Oracle's cloud infrastructure business posted revenue growth of 52% in the fourth quarter as its results were better than expected.

The company reported fourth quarter earnings of $1.19 a share on revenue of $15.9 billion, up 11% from a year ago. Non-GAAP earnings were $1.70 a share.

Wall Street was looking for Oracle to report fourth quarter earnings of $1.64 a share on revenue of $15.59 billion.

Perhaps the biggest takeaway in the quarter is that Oracle's infrastructure-as-a-service unit is closing in on the company's SaaS revenue. In the fourth quarter, Oracle Cloud Infrastructure (OCI) had revenue of $3 billion, up 52%, and the SaaS unit delivered sales of $3.7 billion, up 12%.

Oracle's cloud revenue including software and infrastructure was $6.7 billion, up 27% from a year ago.

For fiscal 2025, Oracle reported earnings of $12.4 billion, or $4.34 a share, on revenue of $57.4 billion, up 9% from a year ago.

Oracle CEO Safra Catz said fiscal 2025 was a good year, but fiscal 2026 should deliver "dramatically higher" revenue growth rates. She noted that fiscal 2026 total cloud growth rate should be more than 40%, up from 24% in fiscal 2025. "Oracle is well on its way to being not only the world's largest cloud application company—but also one of the world's largest cloud infrastructure companies," she said.

CTO Larry Ellison said that "multicloud database revenue from Amazon, Google and Azure grew 115% from Q3 to Q4." He added that OCI has 23 multicloud data centers live with 47 on tap in the next 12 months. Ellison added that triple-digit revenue growth for multicloud should continue.

Oracle's cloud business is on an annual run rate approaching $27 billion.
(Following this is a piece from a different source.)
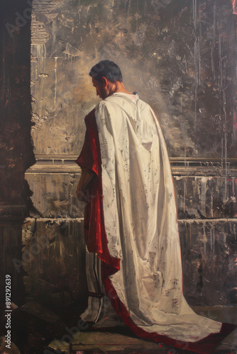 Naklejka premium Roman Pontius Pilate wearing a traditional toga stands contemplatively by a...
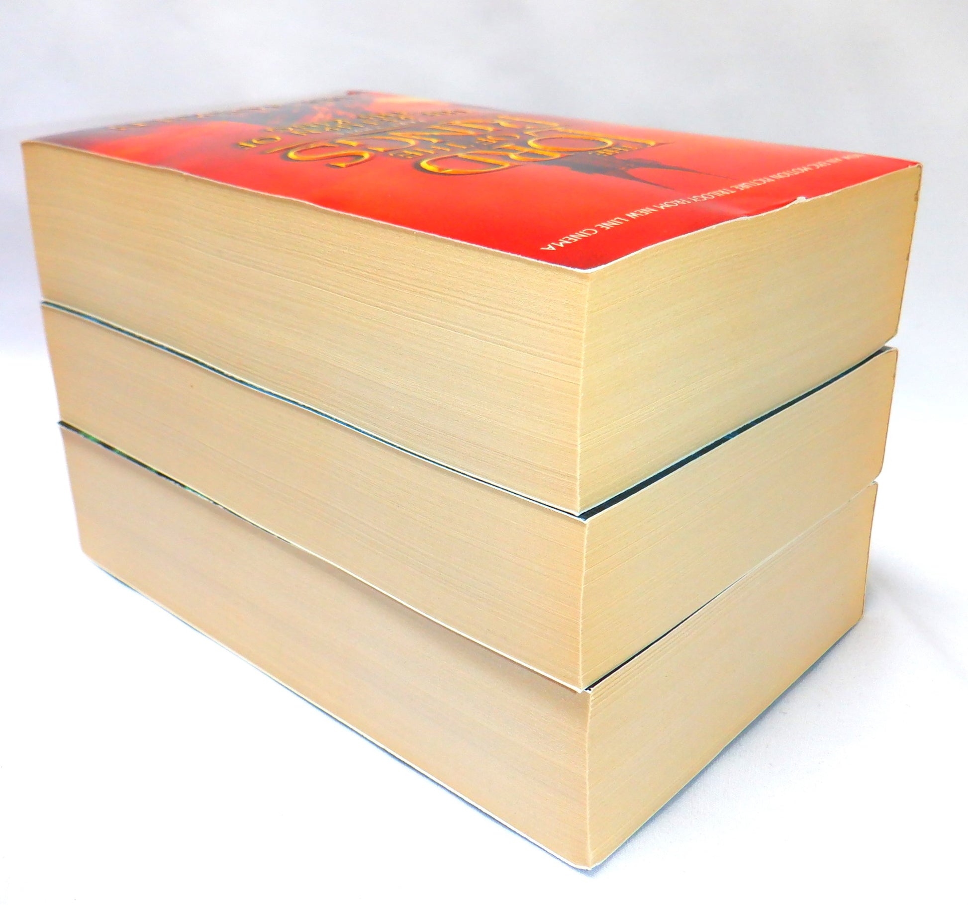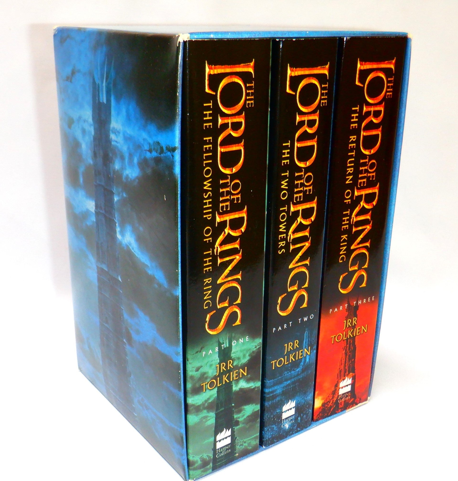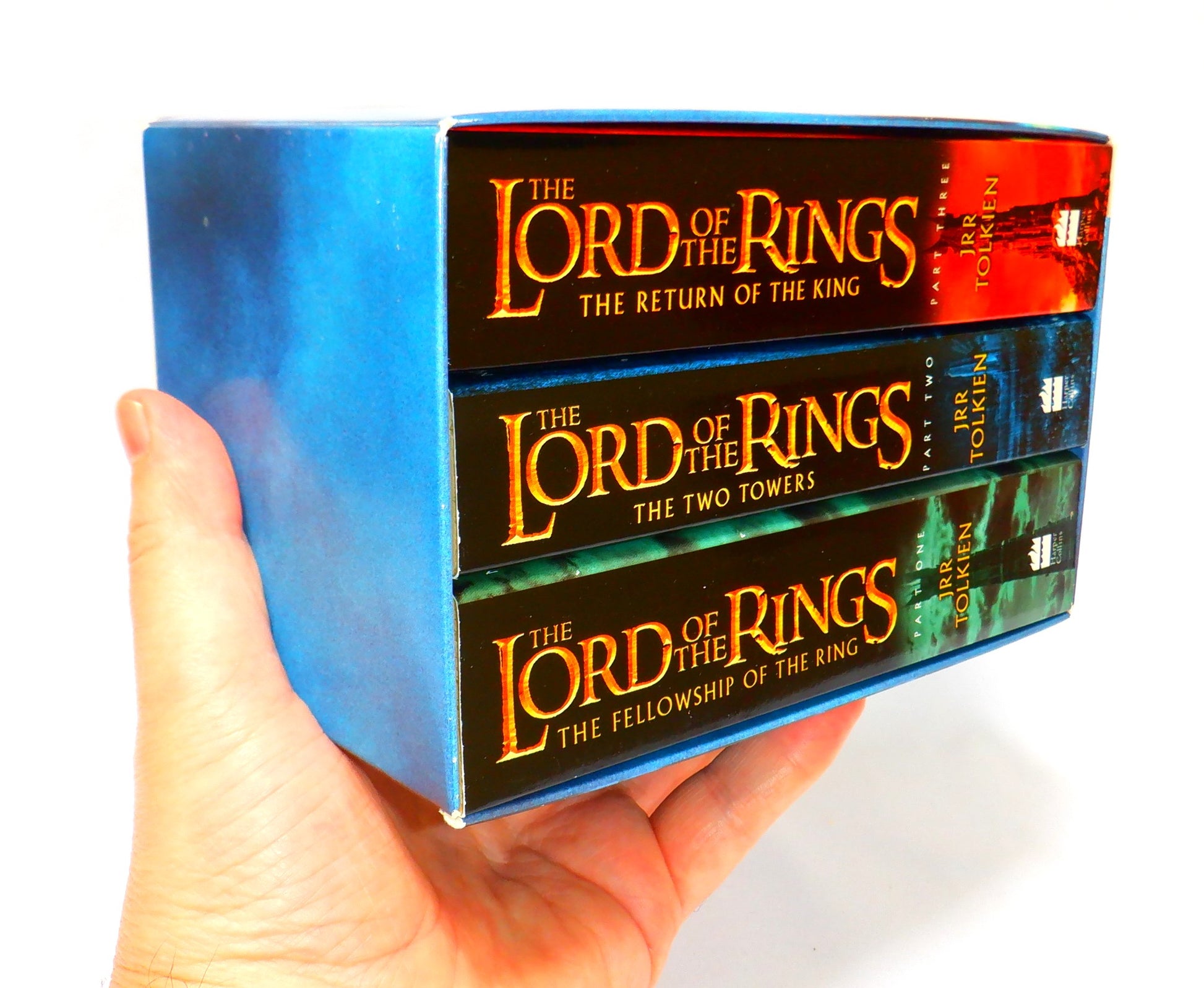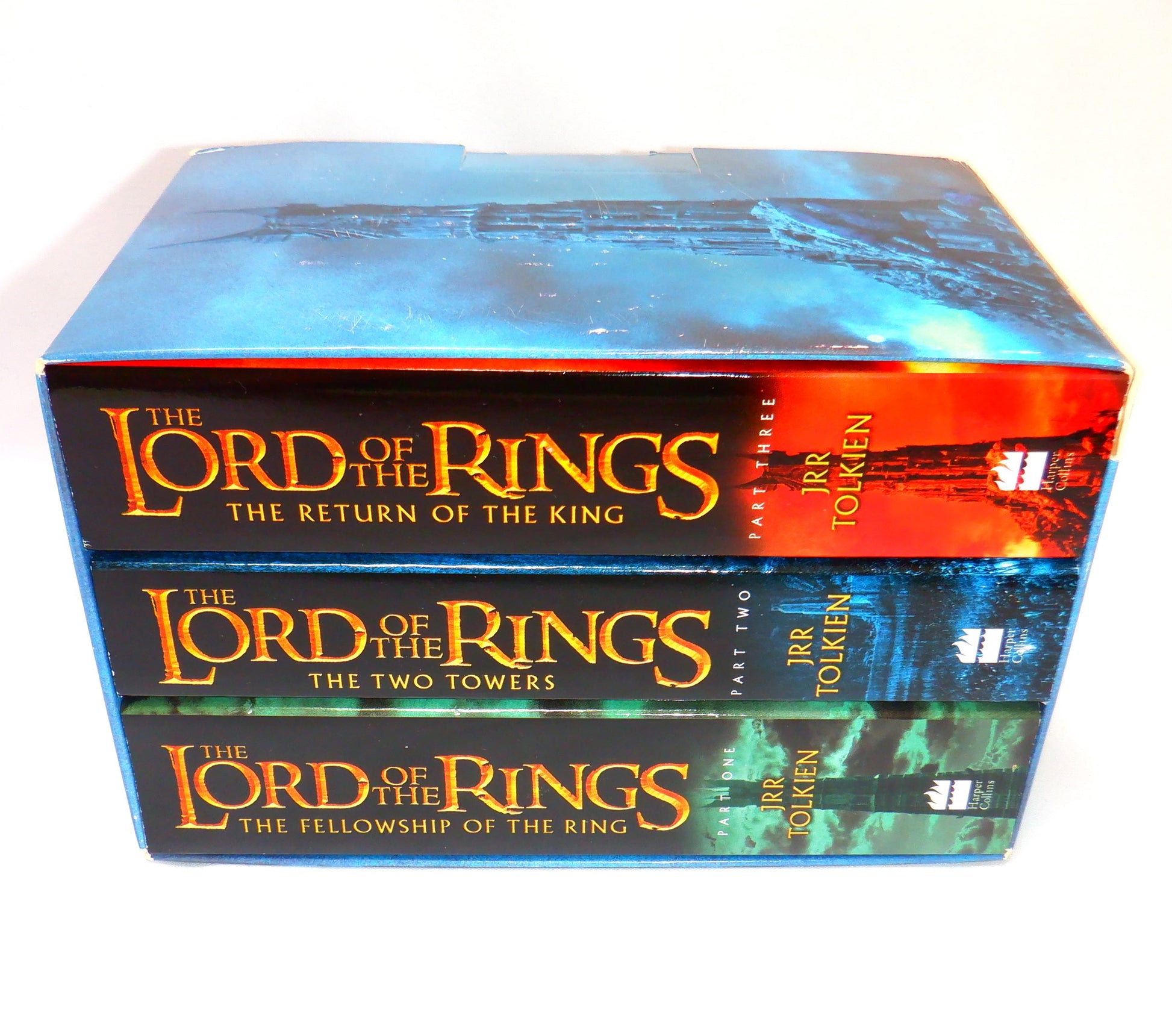 LORD OF THE RINGS, The Paperback Trilogy by JRR Tolkien - which include The Two Towers, The Fellowship of the Ring, and The Return of the King. This is the RARE first three volume, movie film tie-in, boxed-set edition of the Book of the Century ever published, featuring an exclusive movie cover image from the film on all three book covers,ย (Orthanc, Helms Deep and Barad-dรปr) along with a decorated slip-case.

Google Cloud is more than $49 billion on an annual run rate. AWS is more than $117 billion. Microsoft Cloud's annual revenue run rate was more than $169 billion including sales across all units. The annual revenue run rate for Microsoft Intelligent Cloud, which includes Azure, is more than $107 billion.

Highlights from the earnings call include:

  • Catz said fourth quarter capital spending was $9.1 billion with the "vast majority of our CapEx in revenue generating equipment that was going into data centers and not for land or buildings."
  • In fiscal 2026, Catz said capital expenditures will be more than $25 billion "to meet demand from our backlog."  
  • Cloud infrastructure revenue growth will grow more than 70% in fiscal 2026, said Catz. 
  • For the first quarter, Oracle projected total cloud revenue growth of 26% to 30%. Non-GAAP earnings for the quarter will be between $1.44 and $1.48 a share. 
  • Ellison said Oracle has developed an integrated AI agent suite for ERP, supply chain, manufacturing, human resources, customer engagement and industry applications. Ellison said Oracle's database has been critical to building out AI agents. 
  • "These other companies say they have all the data, so they can do AI really well. They can build all these AI agents on top of all of that data," said Ellison. "The only problem with that statement is they don't have all the data we do. We have most of the world's valuable data. The vast majority of it is in an Oracle database. Our applications take all of your application data and make that data available to the most popular AI models."
  • Ellison said Oracle's suite approach to applications and AI agents is resonating. "Companies don't really enjoy buying applications from five different vendors and then making all of those applications work together," said Ellison. "We're seeing a lot of companies buying those basically saying, I'm going to go all Oracle. I'm going to buy the complete Oracle suite."
  • "Our intent is to use our biggest customers, a one stop shop by the entire suite to run their enterprise from us. And that gets rid of a lot of headaches. Everything is in the same database. Everything comes with the same AI data platform. With it, all the analytics are there. You don't have to do the system integration," said Ellison.  
  • Oracle still has more demand than it can meet. "I am still in a position where our supply is not meeting our demands," said Catz. "We actually currently are still waving off customers from or scheduling them out into the future so that we have enough supply to meet demand."

Constellation Research's take

Holger Mueller, an analyst at Constellation Research, said:

"Oracle is doubling down on IaaS revenue and benefitting from the popularity of the multicloud offering of the Oracle Database. This marks the first quarter where Oracle even accepted a negative cash flow. It is clear where Safra Catz and Larry Ellison see the opportunity.

In the concluded fiscal year alone the CapEx tripled from $7 billion to $21 billion in Q4. For a long time Oracle settled CapEx at 50% of free cash flow - no more. Last fiscal year's  accumulated CapEx was about $27 billion, and Q4 alone was $21.2 billion. 

How long can Oracle afford that investment level into data centers? But Oracle is more about infrastructure than ever before - and the only vendor who was relevant in the 1990s to make that transition. It will be key to show growth in regions (all have grown YoY) beyond its Americas region. Many international data centers are just opening now."